If you keep as close of an eye on your school email inbox as I do, you probably know what I’m talking about. Those repetitive emails from the College’s Barnes and Noble Bookstore that fill our inboxes weekly. They border on spam and scatter the emails that are actually important.
I did some counting. Since Aug. 1, I have received a total of 57 emails from the College’s Bookstore. Fifty-one of which were advertisements for apparel, textbooks, notebooks, thermoses, laptops and the list goes on.
I certainly expected such at the beginning of the semester. At that point, students are scavenging for used textbooks and perhaps treating themselves to a piece of school apparel. It makes sense that the Bookstore would want to catch the eye of these students with those ads, but pitching to us for weeks and weeks afterward is a bit overwhelming.

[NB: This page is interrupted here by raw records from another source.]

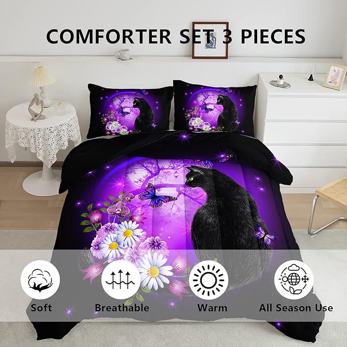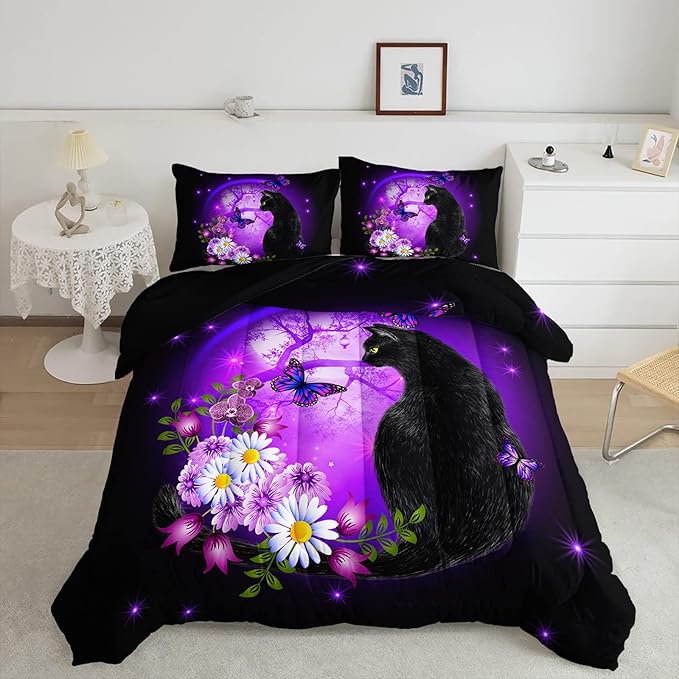 Black Cat Bedding Cartoon Cat Comforter Set Queen,Daisy Butterflies Printed Kids Bedding Set for Kids Boys Girls Adults Room Decor,Kids Comforter Set All Season,1 Quilt 2 Pillow Cases,Purple
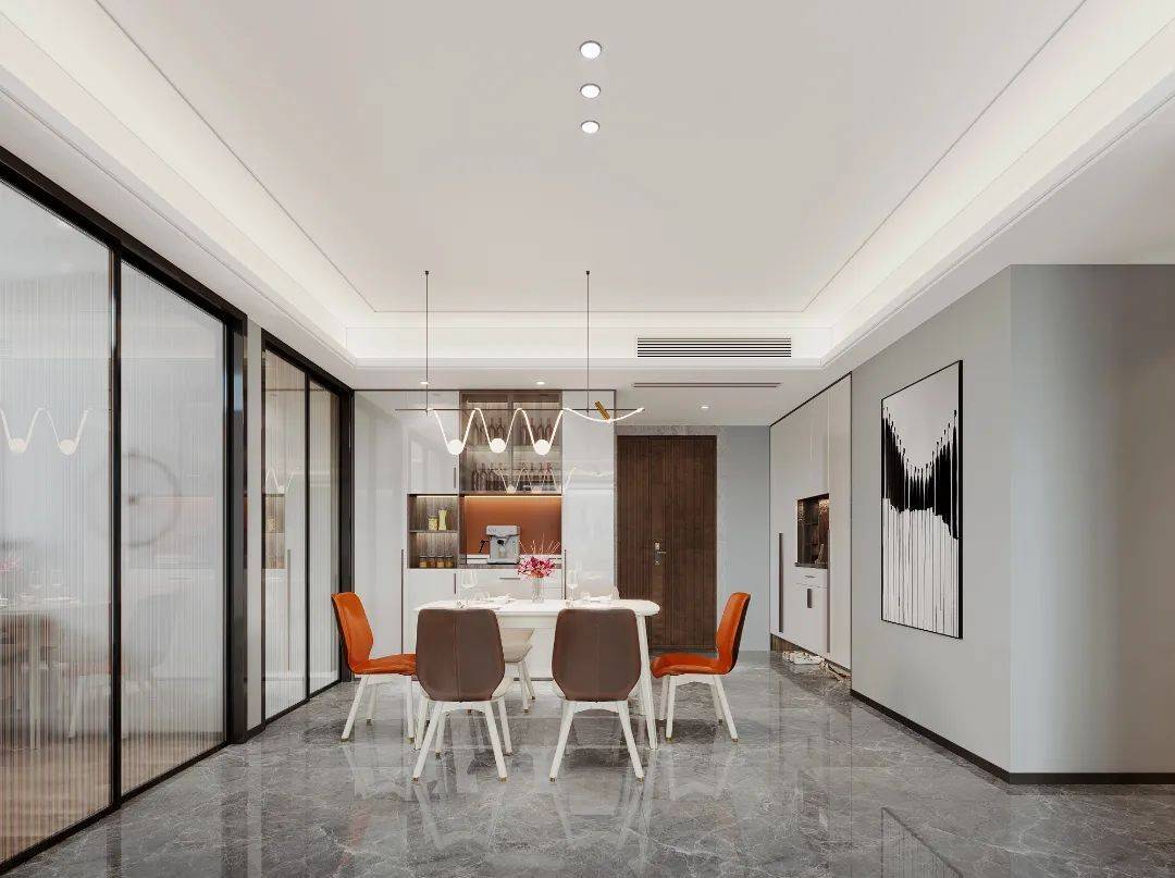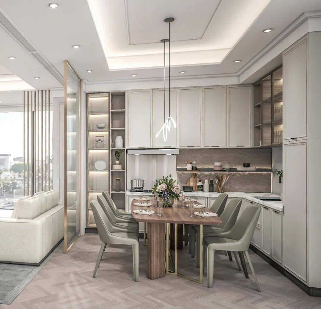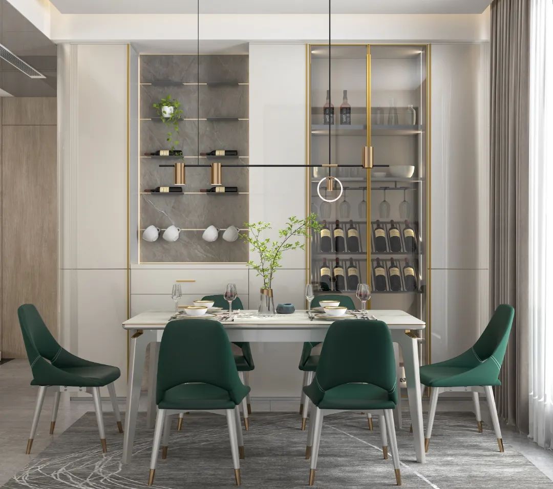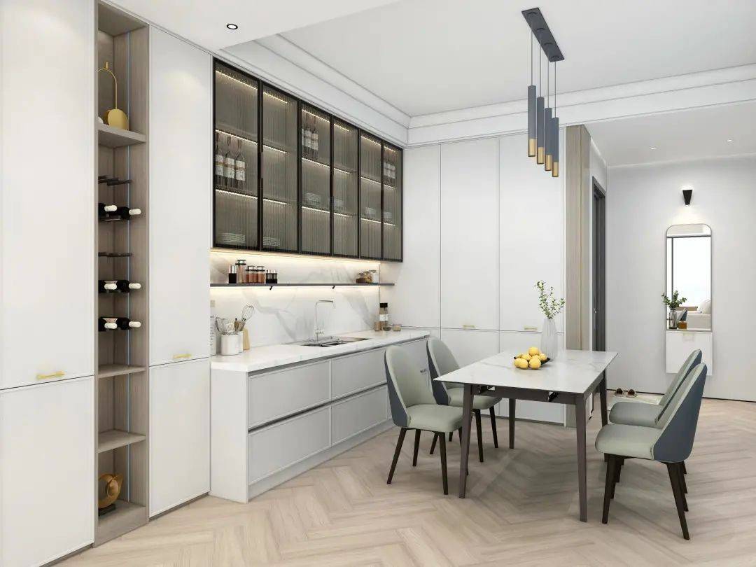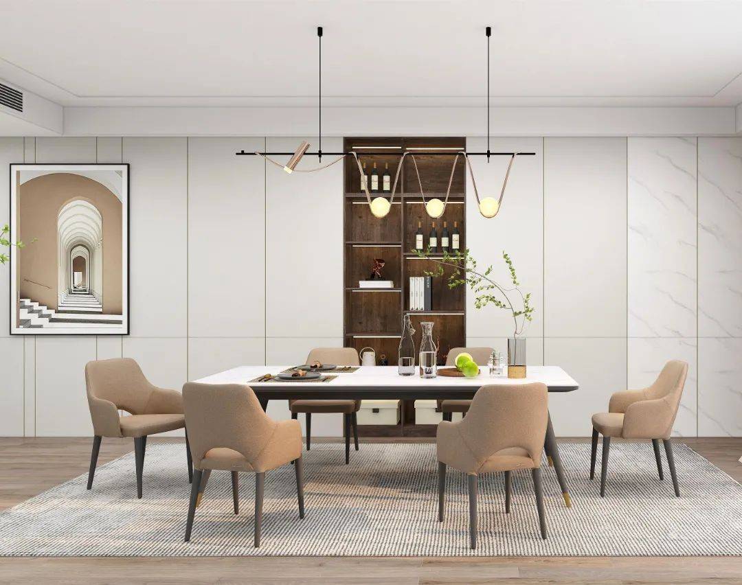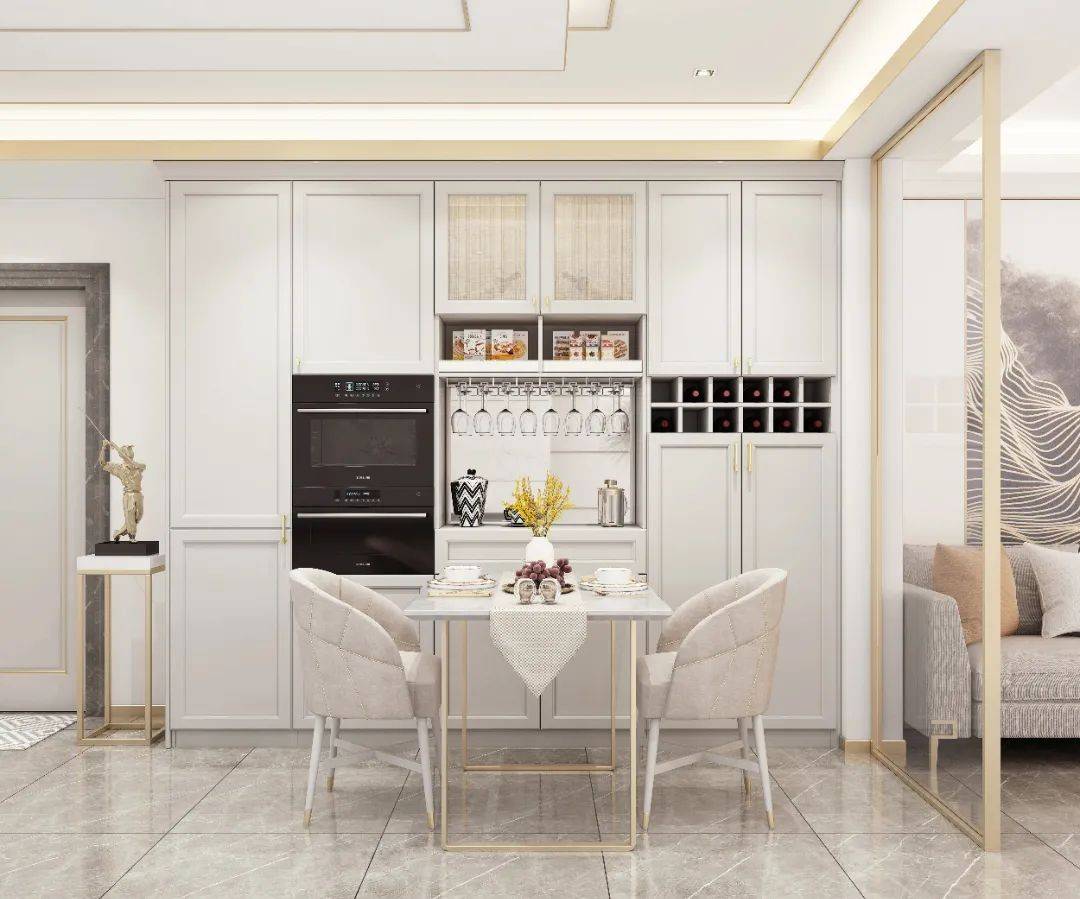 轻奢风 如果要选一个高级精致的代名词,那轻奢风一定榜上有名。轻奢风家装设计中,经常使用金属元素作为小范围点缀,一眼望过去并不华贵,但细节处又透露着浪漫与精致,很多白领都喜欢这种风格。 在轻奢风餐厅中,浅色的柜体、金边勾勒的柜门、玻璃元素的穿插使用、颇具设计感的餐桌椅再加上精致的吊灯,就能营造出情调十足的用餐氛围。
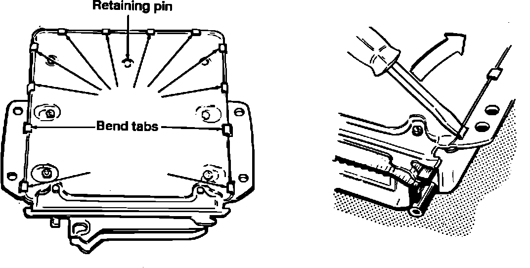 - Carefully bend up the tabs on the cover only as far as necessary to remove the cover.
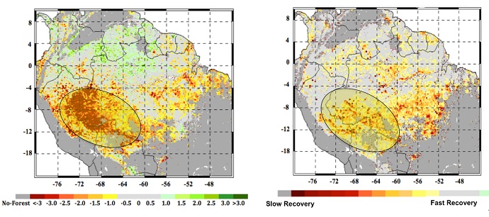 Estudo liderado pela NASA afirma que a floresta está sofrendo com a escassez de chuvas e que já é possível visualizar alterações na região em imagens de satélite que podem indicar uma transformação do ecossistema em longo prazo. Em 2005 a Amazônia passou pelo que foi batizado de “a seca do século”.
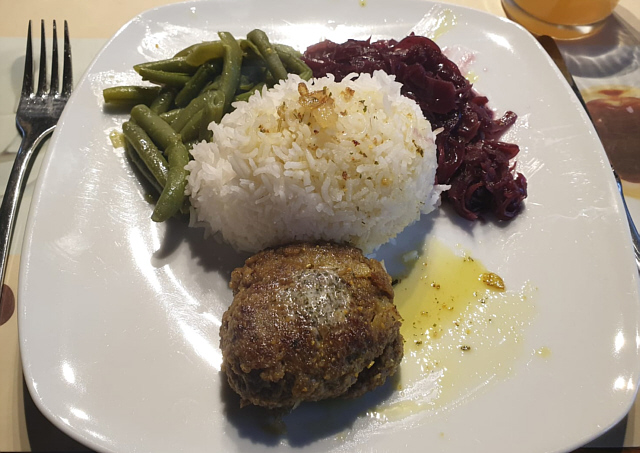 Frikadellen, Reis, Bohnen, Rotkohl
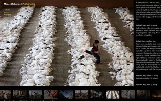 En realidad la imagen fue captada por el fotógrafo italiano Marco Di Lauro en Irak hace 10 años, el 23 de mayo de 2003. La instantánea es de un grupo de cadáveres que fueron encontrados en Al Musayyib y fueron trasladados a un colegio de Bagdad, donde un niño salta sobre los cuerpos envueltos en telas blancas.
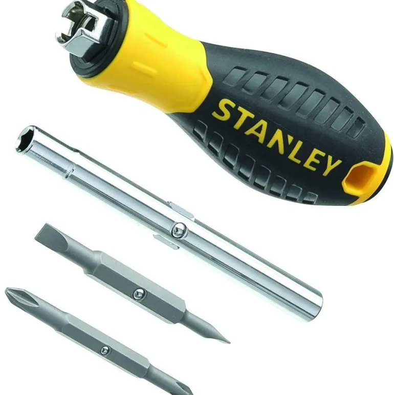 Monitoimiruuvitaltta ja ruuvikärjet. Taltassa on ruosteenkestävä kromattu terä ja sisäänrakennettu kuusiokaula, joka mahdollistaa lisävipuvoiman jakoavaimella. Jakoavaimella voidaan käyttää lisävääntömomenttia mutterin vääntämisen.

The bookstore’s prices are fair at best. Realizing this, I purchased my textbooks from an outside seller this semester. As the first week went by, the system must have gotten wise to this and began inundating me with those, “you may not have ordered your textbooks” emails. The first of these was more than enough, six of them felt endless.
If at this point you’re asking, “why not just block the email address so you won’t receive these emails?” I already tried. In fact, that was the first thing I tried. I immediately found that this was impossible, however, as the College’s domain does not allow students to block senders from any department. So, I’m still comically asking myself, “will it ever end?”
I do realize that our campus bookstore must — underline must — rake in some income to survive. Like any business, it has an overhead: employee wages and supply costs to cover. And after those funds are met, actually make a profit. Advertising helps this goal to be met, but it's my guess that too much advertising can have the opposite effect and can repel an audience.
A solution to all this? Well, it’s as simple as refraining from sending these almost daily advertisements to student inboxes. We get it: sales are here and we don’t want to miss out. Supposing we do want to “miss out,” respect that and give space. Send out an ad once a week, and that should be plenty.